Children of Hindu, Muslim immigrants drawn to hard rock

Taqwacore (film)Image via Wikipedia

By Russell Contreras
Saturday, January 9, 2010; B02

Artwork from the Punjab state of India decorates the Ray family home. A Johann Sebastian Bach statue sits on a piano. But in the basement -- cluttered with wires, old concert fliers and drawings -- Arjun Ray, 25, is fighting distortion from his electric guitar.

For this son of Indian immigrants, trained in classical violin and raised on traditional Punjab music, getting his three Pakistani American bandmates in sync is the goal on this cold New England evening. Their band, the Kominas, is trying to record a punk rock version of the classic Bollywood song, "Choli Ke Peeche" ("Behind the Blouse").

"Yeah," said Shahjehan Khan, 26, one of the band's guitarists, "there are a lot of contradictions going on here."

Deep in the woods of this colonial town boils a kind of revolutionary movement. From the basement of this middle-class home tucked in the woods west of Boston, the Kominas have helped launched a small but growing South Asian and Middle Eastern punk rock movement that is attracting children of Muslim and Hindu immigrants. It also is drawing scorn from some traditional Muslims who say their political, hard-edged music is "haraam," or forbidden. The movement, an anti-establishment subculture born of religiously conservative communities, is the subject of two new films and is a hot topic on social-networking sites.
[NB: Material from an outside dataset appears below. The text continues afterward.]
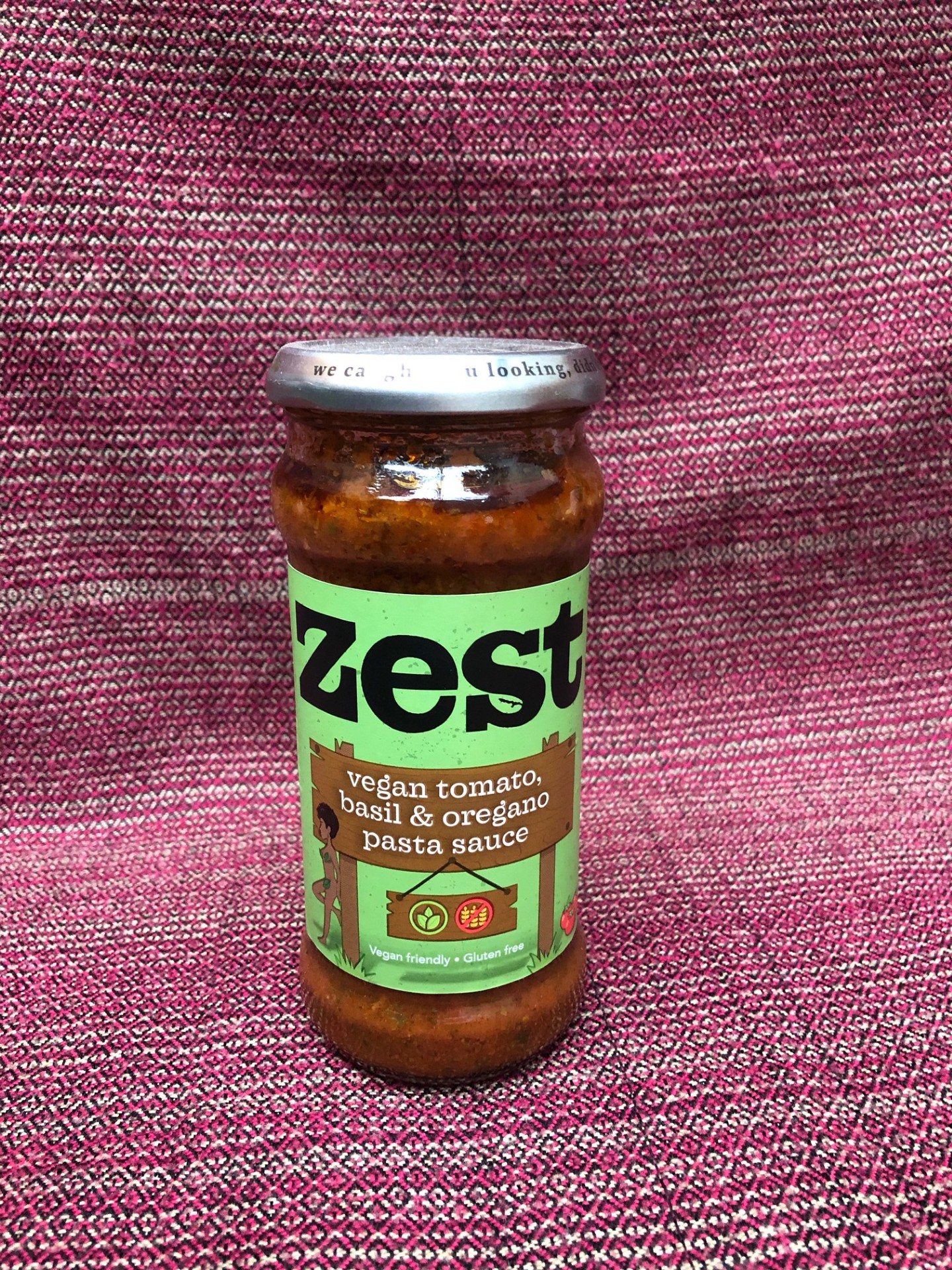 A jar of vegan pasta sauce with tomato, basil & oregano made by Zest.

The artists say they are trying to reconcile issues such as life in America, women's rights and homosexuality with Islam and old East vs. West cultural clashes.

"This is one way to deal with my identity as an Arab American," said Marwan Kamel, 24, lead guitarist in Chicago-based Al-Thawra. "With this music, I can express this confusion."

The movement's birth often is credited to the novel "The Taqwacore," by Michael Muhammad Knight, a Rochester, N.Y.-raised writer who converted to Islam. Knight coined the book's title from the Arabic word "taqwá," which means piety or God-fearing, and the term hard core. The 2003 book portrayed an imagined world of living-on-the-edge Muslim punk rockers and influenced real-life South Asians to form their own bands.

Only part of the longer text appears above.